◆ Data excerpts:
▼

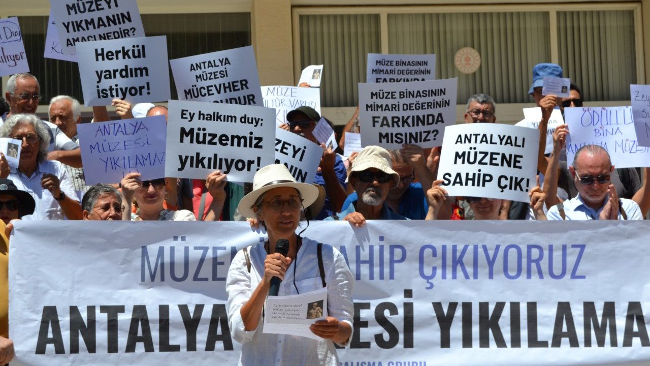 Müze Çalışma Grubu’nun çağrısıyla Antalya Arkeoloji Müzesi önünde yapılan basın açıklamasında, Kültür ve Turizm Bakanlığı’nın yıkım kararının derhal geri çekilmesi ve müzenin restore edilerek korunması talep edildi.
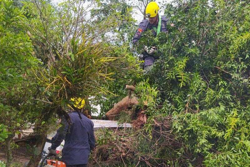 O Corpo de Bombeiros foi acionado rapidamente para cortar e remover os galhos que comprometeram parte da casa e danificaram o carro estacionado.
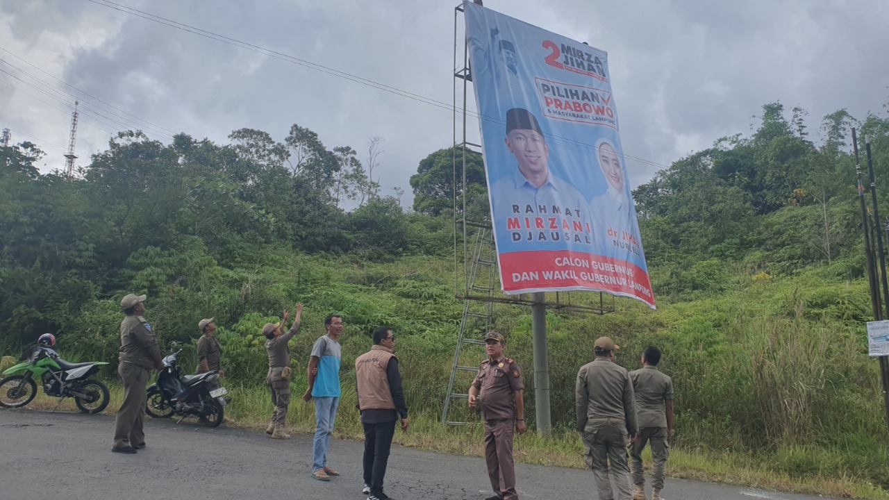 Tim gabungan ini terjun langsung ke berbagai titik strategis di pusat Kabupaten Lampung Barat dan area publik lainnya untuk membersihkan APK yang masih dipasang, baik di jalan raya, tempat umum, maupun di lokasi yang berdekatan dengan fasilitas publik.
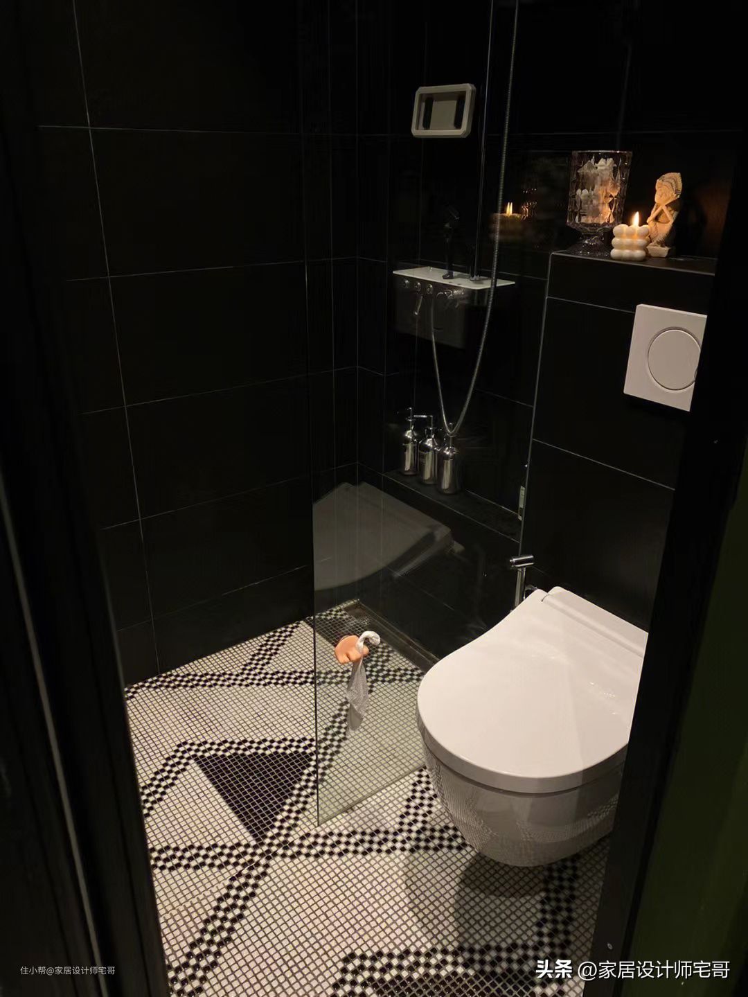 淋浴区和如厕区中间用玻璃作为隔断,这一样既不会影响卫生间的通透性,还卫生又干净。
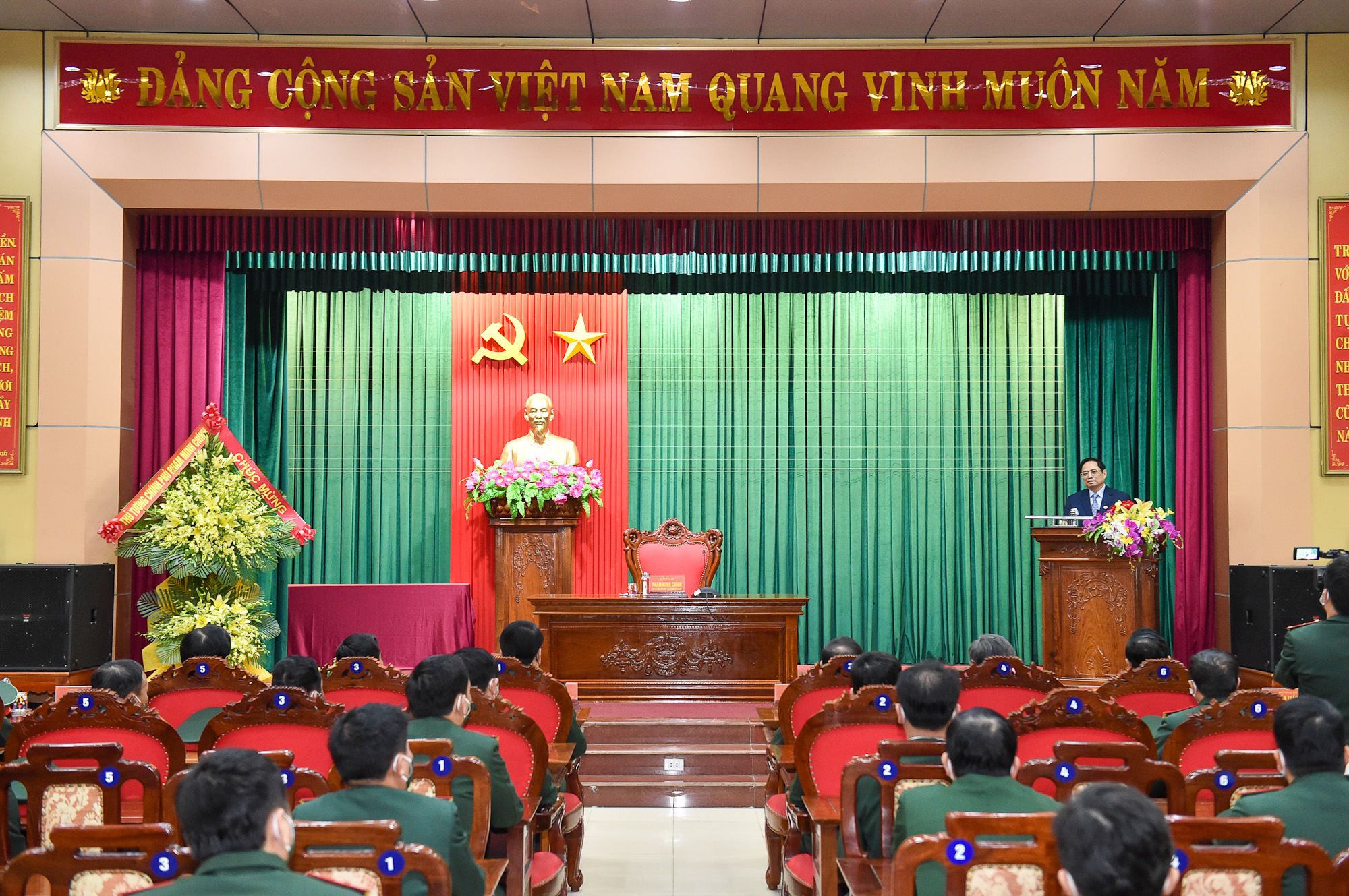 ທ່ານນາຍົກລັດຖະມົນຕີ ຫວຽດນາມ ຟ້າມມິງຈິງ ກ່າວຄຳເຫັນທີ່ການເຮັດວຽກກັບການນຳກອງບັນຊາການທະຫານ ແຂວງ ກ໋ວາງບິ່ງ (ພາບ: baochinhphu.vn)
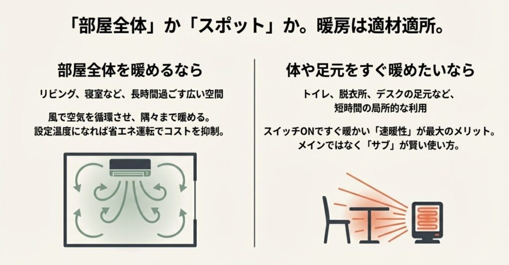トイレや脱衣所、キッチンの足元など、長時間いない場所や、エアコンが効くまでの「つなぎ」として使うのが賢い方法。メイン暖房ではなく、あくまで「サブ」として割り切って使うのがポイントです。
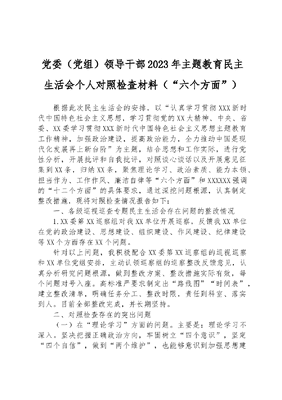 党委(党组)领导干部2023年主题教育民主生活会个人对照检查材料(六个方面)根据此次民主生活会的安排,以认真学习贯彻XXX新时代中国特色社会主义思想,学习贯彻党的XX大精神、中央、省委、XX委学习贯彻XXX新时代中国特色社会主义思想主题教育工作精神,加强政治建设,提高政治能力,全力推动中国是现代化发展再上新台阶为主题,结合思想和工作实际,进行党性分析,开展批评和自我批评,对照谈心谈话以及开展意见征集到XX条,归纳XX条,聚焦理论学习、政治素质、能力本领、担当作为、工作作风、廉洁自律等六个方面和XXXXXX强调的十二个方面的具体要求,通过深挖问题根源,认真制定整改措施,现将对照检查情况报告如下:一、各级巡视巡查专题民主生活会存在问题的整改情况1.XX委第XX巡察组对我XX单位开展巡察,反馈我XX单位在党的政治建设、思想建设、组织建设、作风建设、纪律建设等XX个方面存在XX个问题。针对以上问题,我积极配合XX委第XX巡察组的巡视巡察和XX单位党组安排,主动认领巡察组的巡察整改反馈意见,认真分析研究问题根源,做到整改方案、整改措施实际有效,每个问题对号入座。高标准严要求制定出路线图时间表,建立整改清单,明确任务分工、整改时限,责任到科室、落实到人。目前全部整改完成,并长期坚持。二、对照检查存在的突出问题(一)在理论学习方面的问题。主要是:理论学习不深入。坚决把握正确政治方向,牢固树立四个意识,坚定四个自信,做到两个维护,也能够意识到加强思想建设和理论学习的重要性,但实际中做得却不到位,学习内容上仅对上级文件规定的篇目进行学习,对党的理论知识没有深入扩展,对XXX新时代中国特色社会主义思想没有做到全面、系统、深入的学习;学习时间上仅依靠党组中心组、会议等进行学习,平时工作中没有做到常学常新、随学随用。(二)在政治素质方面的问题。主要是:在落实上级工作要求上有偏差。在工作学习中能够在思想上、行动上与党中央保持高度一致,但在具体的贯彻落实上,存在对精神领会慢,精神从学习领会到付诸行动存在一个过程,导致没有在第一时间执行,认为抓好业务工作就是抓好党建工作了,忽视了对党支部的建设和管理,没有充分发挥党组织的战斗堡垒作用和党员的先锋模范作用,没有做到以业务抓党建、以党建促业务,党建业务存在两张皮的现象。(三)在能力本领方面的问题。主要是:聚焦主责主业抓经济运行的本领还有欠缺。缺乏大XX单位意识,XXX业务工作较广,专业性较强,平时仅关注自己分管的业务领域,对其他科室如XX科、XX经济运行情况、项目审批等业务一知半解,未深入学习研究,认为守好自己分管的领域就行了,缺乏全XX单位意识。参与全XX单位制定高质量发展规划不够积极,不主动思考,受限于业务水平不精,没有站在前头部门的角度为规划编制提出建设性意见建议,没有将分管的工作与规划编制结合起来。(四)在担当作为方面的问题。主要是:对推动高质量发展项目争资争项争示范的担当作为不主动。我XX获得XXX项目较多,XXX项目投资额度大、实施内容多、建设周期长但是推进过程中存在问题也较多,由于思想麻痹,推动工作高质量发展的思想发条没有拧紧,担当作为、主动出击的机遇意识不强,导致该项目推进滞后,在坚决担负起解决问题、推进项目建设上存在迟疑观望,同时,没有按时每月对XXXXXX保供情况开展调度,缺少对XXX安全的检查督促。(五)在工作作风方面的问题。主要是:管理工作动真来实没有落到细处。全面从严治党的监督责任有待加强。时刻以党员标准要求自身、规范言行,做到党中央决定的坚决执行,党中央禁止的坚决不做,严守政治纪律和政治规矩。但是在安排调度工作时,有时怕影响干部感情,面对存在的问题,常认为把该说的话都说到就可以了,而不好板起脸来提出严格要求,对分管领域和分管科室的监督上存在革命靠自觉的思想,监督有所松懈,没有处理好严管和厚爱的关系。(六)在廉洁自律方面的问题。主要是:清正廉洁带头示范的效应有所减弱。我能坚持做到落实中央八项规定精神,坚决反对四风,认为自己没有条件和能力去做超标准和违约的事,这样就不自觉地产生了安于现状的思想,在廉洁自律方面没有百尺竿头更进一步,在廉政建设上没有逆水行舟不进则退,没有更高标准地严格要求自己。三、存在问题的原因分析通过认真对照和剖析自己,存在以上问题,究其原因为以下几个方面:(一)学懂弄通做实不到位。能够认识政治理论学习的重要性,按要求参加好集中学习,但没有做到学深悟透、学用结合,往往是零碎片段式学习多、原原本本读原著少,领会中央精神多、联系个人实际少,结合分管工作多、开展党性剖析少。缺乏自我审视,对世界观、价值观、人生观改造不够,导致共产主义精神追求领悟不够,对理想信念的坚守不够。(二)党性锤炼不够,
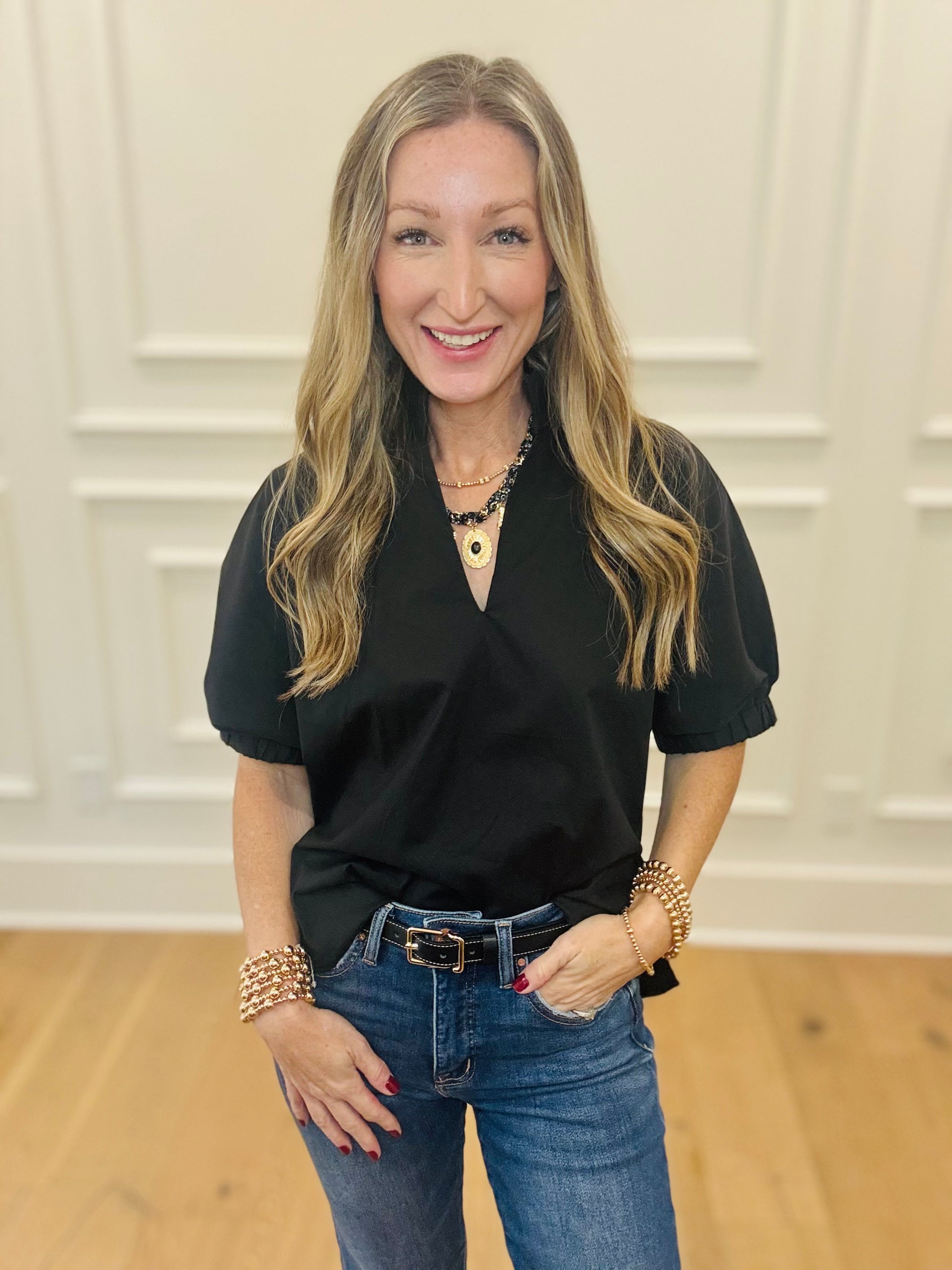 This great not so basic, basic! We are loving the collar with the vneck. A preppy, classic look. Runs true to size. Wearing the small
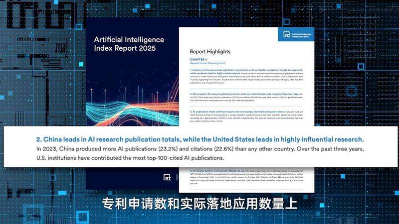 据斯坦福《AI Index 2025》演讲,中国正在人工智能研究论文总量、专利申请数和现实落地使用数量上,华为、荣耀等企业,人工智能正从“”“认知”,
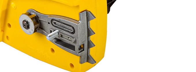 Инерционный тормоз мгновенно останавливает цепь при отскоке или потере контроля над инструментом. Кнопка блокировки запуска предотвращает непреднамеренное включение.
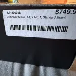Selling my Aimpoint H-1 2 moa red dot. Has been mounted but has never seen the range. Comes in original box with the Aimpoint tool as well as the rubber lens covers. Includes the low pic rail mount.
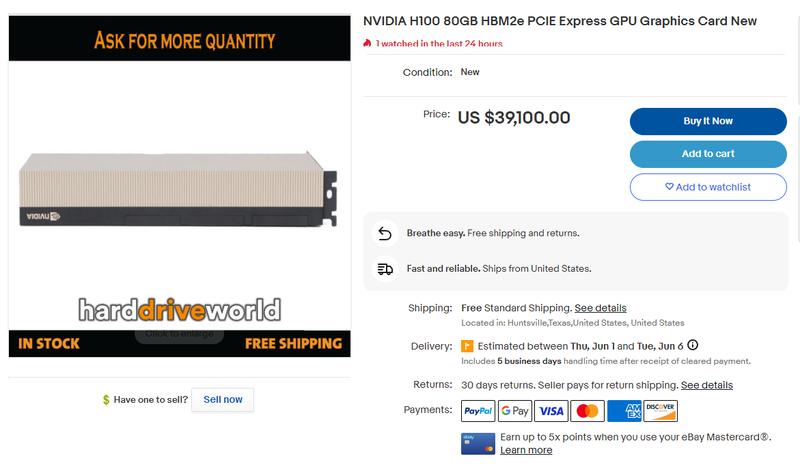 在美 国二手平台上,一张H100计算卡的售价为39100美金(22.5万人民币)
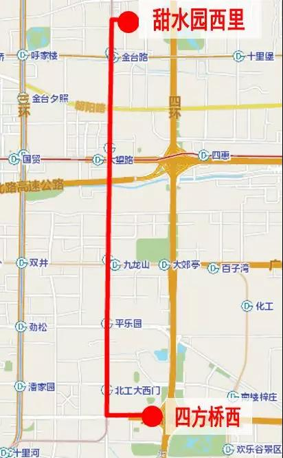 [增设站位]:四方桥西、北京工业大学南门、北京工业大学南站(四方桥西→甜水园西里)、松榆东里东门、北京东站北(四方桥西→甜水园西里)、八王坟北(甜水园西里→四方桥西)、金台路口北(四方桥西→甜水园西里);
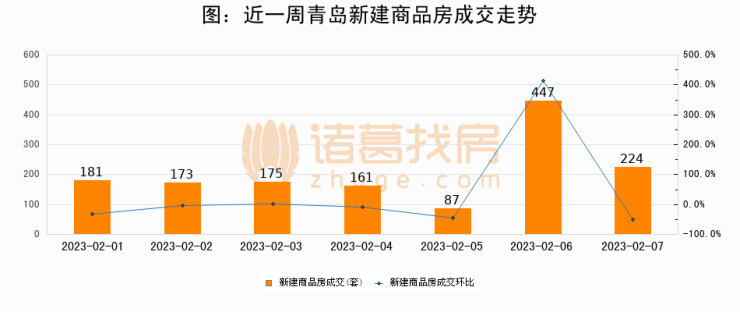 【青岛成交日报】02月07日新房成交224套、二手房213套;涨价房源159套
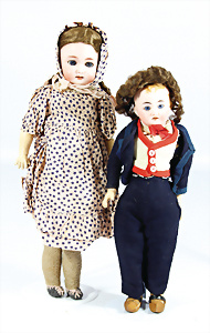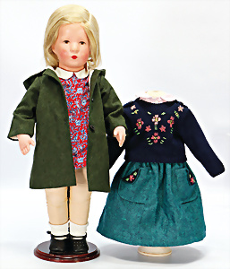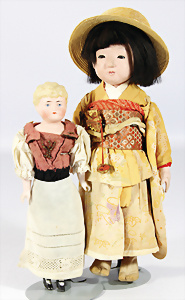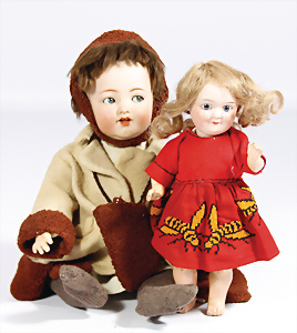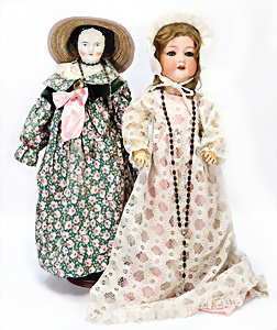 2 Porzellankopf-Puppen, 1x SCHOENAU & HOFFMEISTER, gem. 5600, blaue Schlafaugen off. Mund, Zähne, Echthaar-Perücke, auf Masse-Gliederkörper, 40 cm, 1x Brustblattkopf-Puppe, gem. Germany 275.7, blaue fest eingesetzte Glasaugen, off. Mund, Zähne, Echthaar-Perücke, Wachstuchkörper, Masse-Unterarme, 42 cm, Kleidung aus alten Stoffen nachgenäht
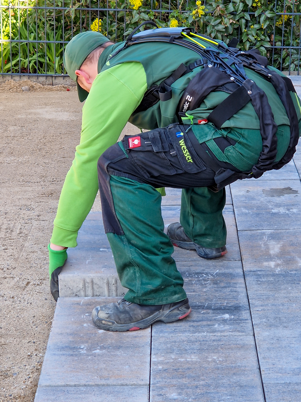 Seine Stärken zeigt das Exoskelett vor allem dort, wo schwere körperliche Arbeit unvermeidlich ist: Beim Pflastern entlastet es die Wirbelsäule, im Straßenbau erleichtert es die Bedienung schwerer Maschinen und den Materialtransport, im Tiefbau reduziert es die Belastung bei Aushub- und Rohrverlegearbeiten. Dank seines schmalen Designs eignet es sich auch für enge Arbeitsumgebungen. Darüber hinaus unterstützt es beim Heben und Tragen schwerer Lasten, fördert eine ergonomische Haltung bei gebückter Arbeit und ermöglicht längeres, ermüdungsfreies Arbeiten.

▲

Only the lines from the first line of the listing above through the line with "トイレや脱衣所、キッチンの足" should be set down, exactly and without pictures.

◆ Solved problem:
 Müze Çalışma Grubu’nun çağrısıyla Antalya Arkeoloji Müzesi önünde yapılan basın açıklamasında, Kültür ve Turizm Bakanlığı’nın yıkım kararının derhal geri çekilmesi ve müzenin restore edilerek korunması talep edildi.
 O Corpo de Bombeiros foi acionado rapidamente para cortar e remover os galhos que comprometeram parte da casa e danificaram o carro estacionado.
 Tim gabungan ini terjun langsung ke berbagai titik strategis di pusat Kabupaten Lampung Barat dan area publik lainnya untuk membersihkan APK yang masih dipasang, baik di jalan raya, tempat umum, maupun di lokasi yang berdekatan dengan fasilitas publik.
 淋浴区和如厕区中间用玻璃作为隔断,这一样既不会影响卫生间的通透性,还卫生又干净。
 ທ່ານນາຍົກລັດຖະມົນຕີ ຫວຽດນາມ ຟ້າມມິງຈິງ ກ່າວຄຳເຫັນທີ່ການເຮັດວຽກກັບການນຳກອງບັນຊາການທະຫານ ແຂວງ ກ໋ວາງບິ່ງ (ພາບ: baochinhphu.vn)
トイレや脱衣所、キッチンの足元など、長時間いない場所や、エアコンが効くまでの「つなぎ」として使うのが賢い方法。メイン暖房ではなく、あくまで「サブ」として割り切って使うのがポイントです。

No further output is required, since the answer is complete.